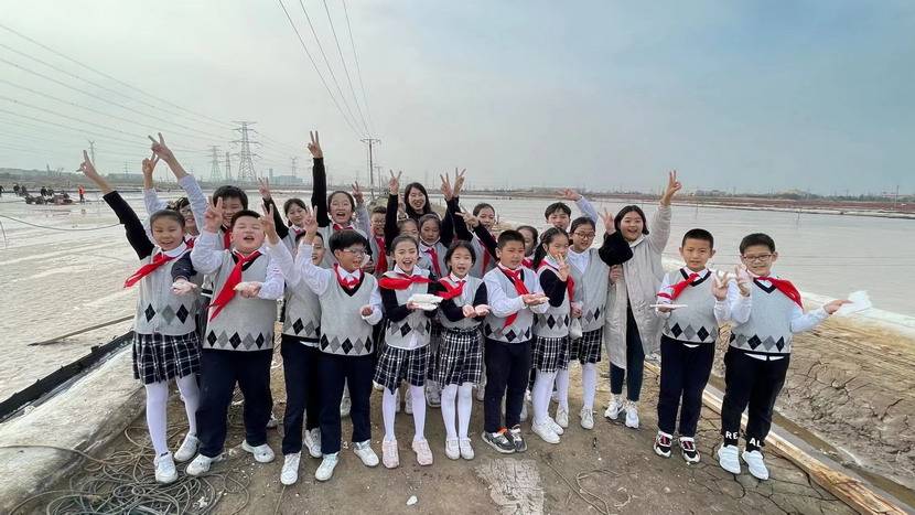 同學(xué)們近距離感受淮鹽的生產(chǎn)過程,聽老鹽工講述過去收鹽的故事。為了感受鹽工的辛苦,同學(xué)們還興致勃勃地穿上膠鞋,來到鹽池中,用耙子扒鹽,用鏟子將結(jié)晶的鹽堆成堆,用手觸摸鹽的質(zhì)地,觀察鹽的結(jié)晶形狀……同學(xué)們不禁感慨小小鹽粒的來之不易。
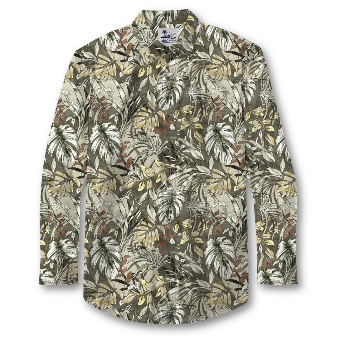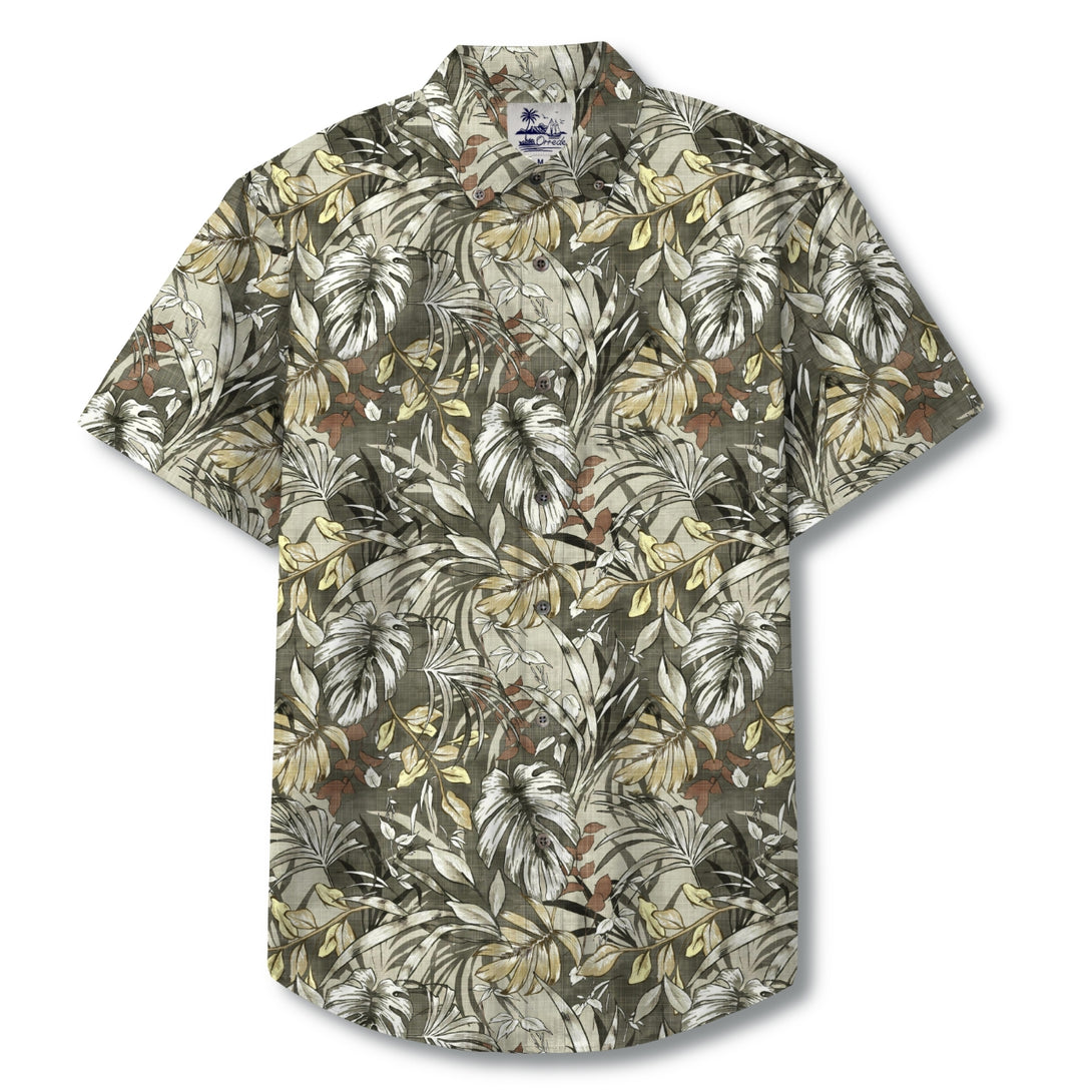 This shirt features a richly layered tropical print, blending large monstera leaves, delicate orchids, and wisps of jungle foliage in muted tones of olive green, sepia, and soft cream. The interplay of light and shadow creates a sense of depth and calm, as if captured in the fading light of dusk within a lush rainforest. Earthy undertones and subtle botanical details give the design a timeless, vintage feel—perfect for those who appreciate nature’s quiet elegance.
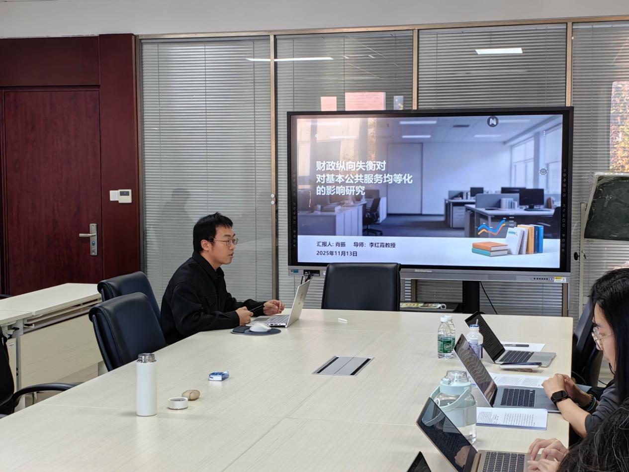 肖振聚汇报题为《财政纵向失衡对基本公共服务均等化的影响研究》。文章系统考察了财政纵向失衡对基本公共服务均等化的影响机理与效应,为深化中央与地方财政事权和支出责任划分改革、优化转移支付结构、扎实推进共同富裕目标下的公共服务均等化,提供有意义的学术探讨。
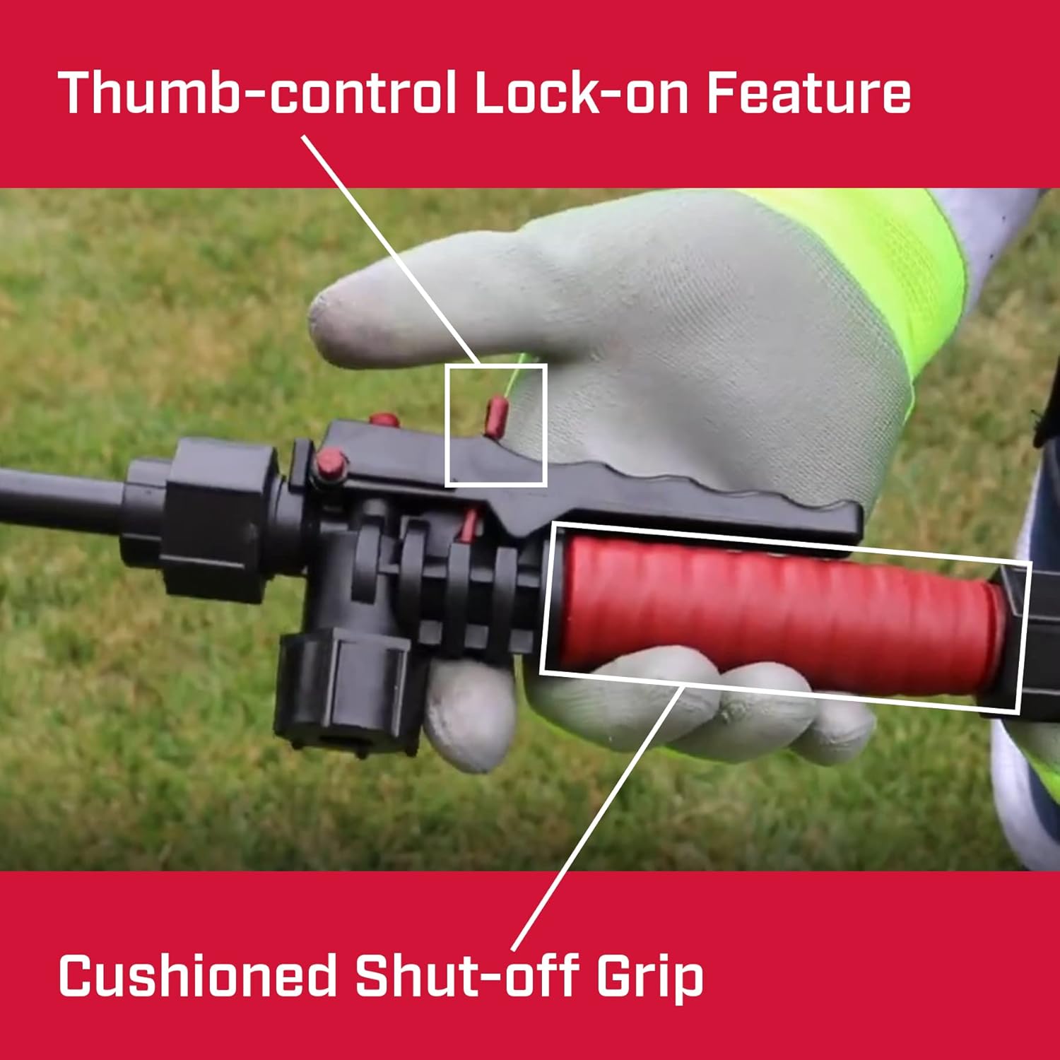 - PUMP HANDLE AND SHUT-OFF: both the pump handle and shut-off are ergonomically designed, you can comfortably lift and carry the sprayer around while working, and the cushioned-grip shut-off with a lock-on feature relieves stress on your hands from constant gripping it while spraying
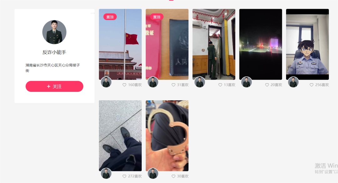 且其账号主页使用“湖南省长沙市天心区天心分局坡子街”为个人简介以及其他多条视频内含警官证、警服、手铐等敏感要素。
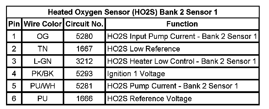 Heated Oxygen Sensor (HO2S) Bank 2 Sensor 1
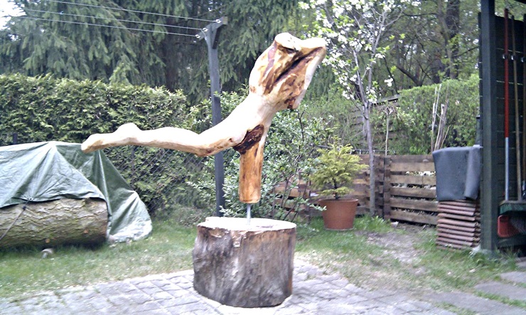 Diese Skulptur ist aus einem Teil der Wurzel einer Douglasie entstanden, die wir leider fällen mussten.
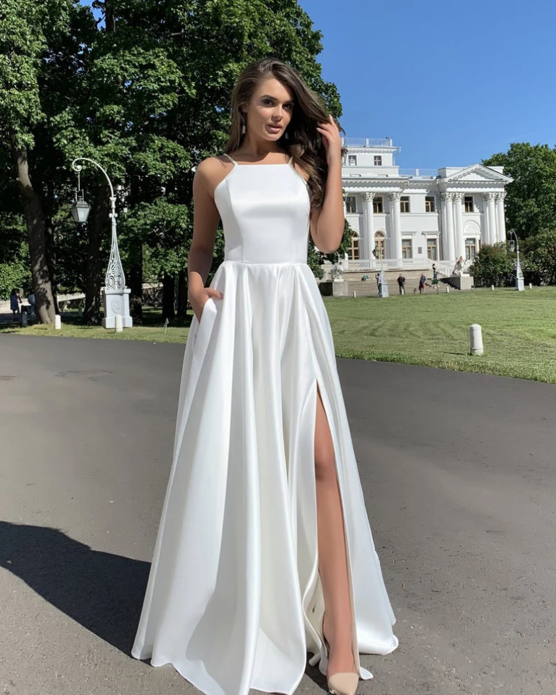 Вечерние платья с высоким разрезом, элегантное атласное вечернее платье без рукавов, длинное платье для свадебной вечеринки
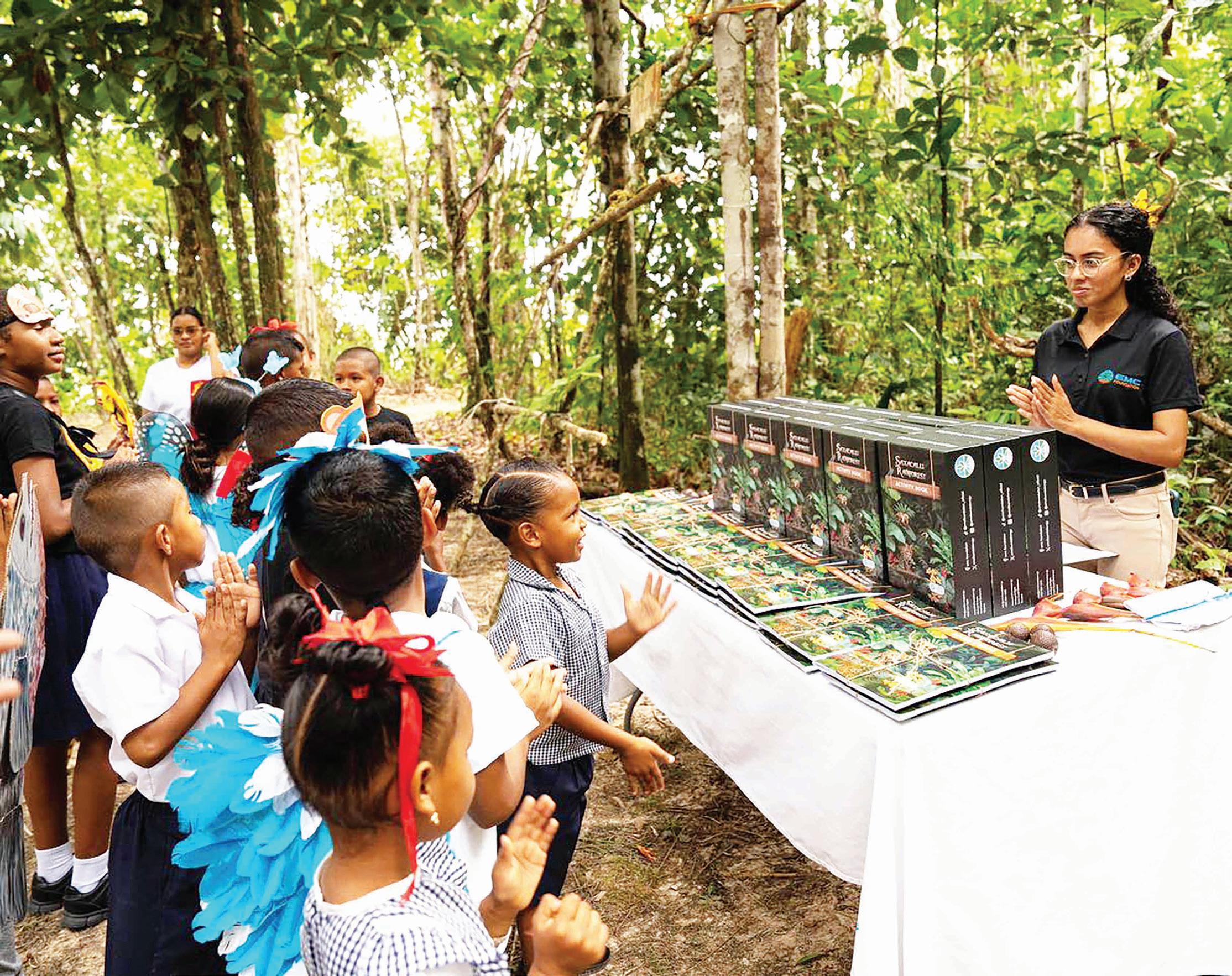 “Saxacalli Rainforest Activity Book” was launched on Friday at the Saxacalli Rainforest Centre on the left bank of the Essequibo River. The publication, developed by the EMC Foundation, the non-profit arm of Environmental Management Consultants (EMC), aims to strengthen environmental literacy among pupils of the Saxacalli Primary and Nursery Schools. Education Minister Sonia Parag, along with Managing Director of EMC Shyam Nokta, delivered the keynote address and encouraged students to see themselves as “agents of change”, reminding them that leadership can begin at any age (Education Ministry photos)
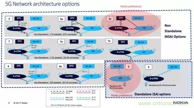 對于5G組網,3GPP在去年釜山會議上由德國電信提出了12種組網選項。其中選項3/3a/3x、7/7a/7x、4/4a為非獨立組網構架,選項2、5為獨立組網構架。
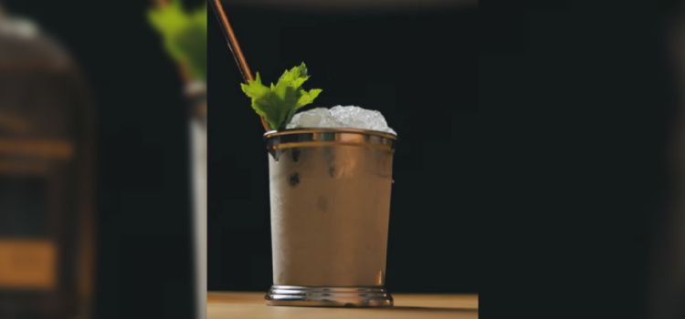 Muddle the sugar cube, syrup and mint leaves in a glass. Add the bourbon and crushed ice, then mix it with a spoon. Top it off with more ice, mint, and straw as a garnish, and let them stir it.
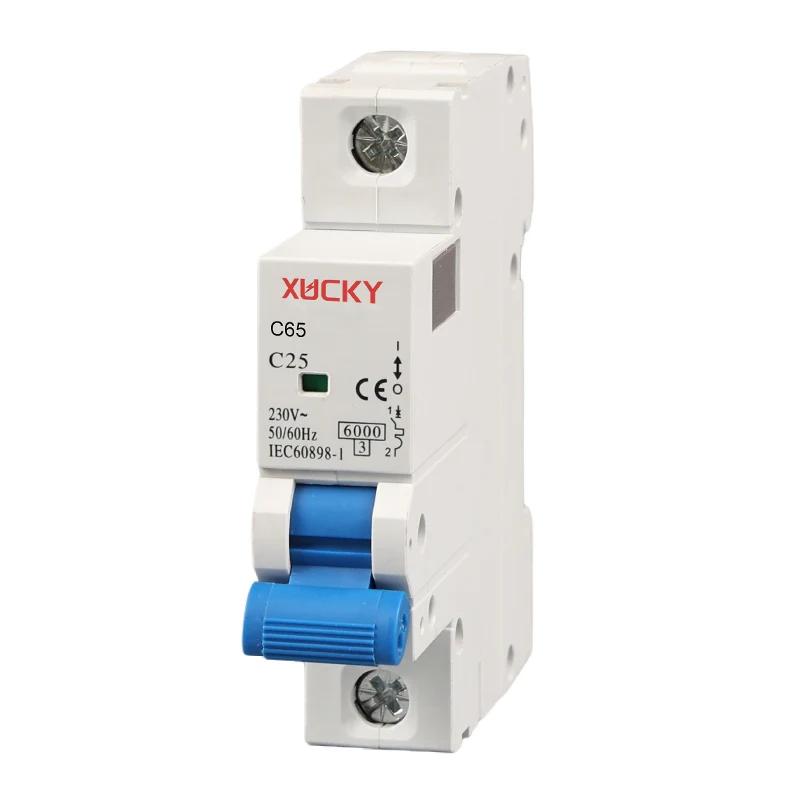 L'interruttore automatico miniaturizzato C65 6KA (chiamato anche MCB domestico 6KA, simile a CHINT NB1-63) viene utilizzato per il circuito CA 50 Hz, tensione nominale di 110 V/230/400 V, corrente nominale di 1 A, 2 A, 3 A, 6 A, 10 A, 16 A, 20 A, 25 A, 32 A, 40 A, 50 A, 60A, 63A per proteggere sovraccarico e cortocircuito, nonché per l'uso in circostanze normali di conversione poco frequente del circuito, può essere utilizzato anche come interruttore isolante per il circuito di interruzione per proteggere il circuito e l'apparecchiatura.

TASK DIRECTIONS: The stretch to restate runs from the line above containing "- PUMP HANDLE" through the line containing "Muddle the sugar". Copy it word for word, ends included, without pictures.

RESULT OF THIS TASK:
 - PUMP HANDLE AND SHUT-OFF: both the pump handle and shut-off are ergonomically designed, you can comfortably lift and carry the sprayer around while working, and the cushioned-grip shut-off with a lock-on feature relieves stress on your hands from constant gripping it while spraying
 且其账号主页使用“湖南省长沙市天心区天心分局坡子街”为个人简介以及其他多条视频内含警官证、警服、手铐等敏感要素。
 Heated Oxygen Sensor (HO2S) Bank 2 Sensor 1
 Diese Skulptur ist aus einem Teil der Wurzel einer Douglasie entstanden, die wir leider fällen mussten.
 Вечерние платья с высоким разрезом, элегантное атласное вечернее платье без рукавов, длинное платье для свадебной вечеринки
 “Saxacalli Rainforest Activity Book” was launched on Friday at the Saxacalli Rainforest Centre on the left bank of the Essequibo River. The publication, developed by the EMC Foundation, the non-profit arm of Environmental Management Consultants (EMC), aims to strengthen environmental literacy among pupils of the Saxacalli Primary and Nursery Schools. Education Minister Sonia Parag, along with Managing Director of EMC Shyam Nokta, delivered the keynote address and encouraged students to see themselves as “agents of change”, reminding them that leadership can begin at any age (Education Ministry photos)
 對于5G組網,3GPP在去年釜山會議上由德國電信提出了12種組網選項。其中選項3/3a/3x、7/7a/7x、4/4a為非獨立組網構架,選項2、5為獨立組網構架。
 Muddle the sugar cube, syrup and mint leaves in a glass. Add the bourbon and crushed ice, then mix it with a spoon. Top it off with more ice, mint, and straw as a garnish, and let them stir it.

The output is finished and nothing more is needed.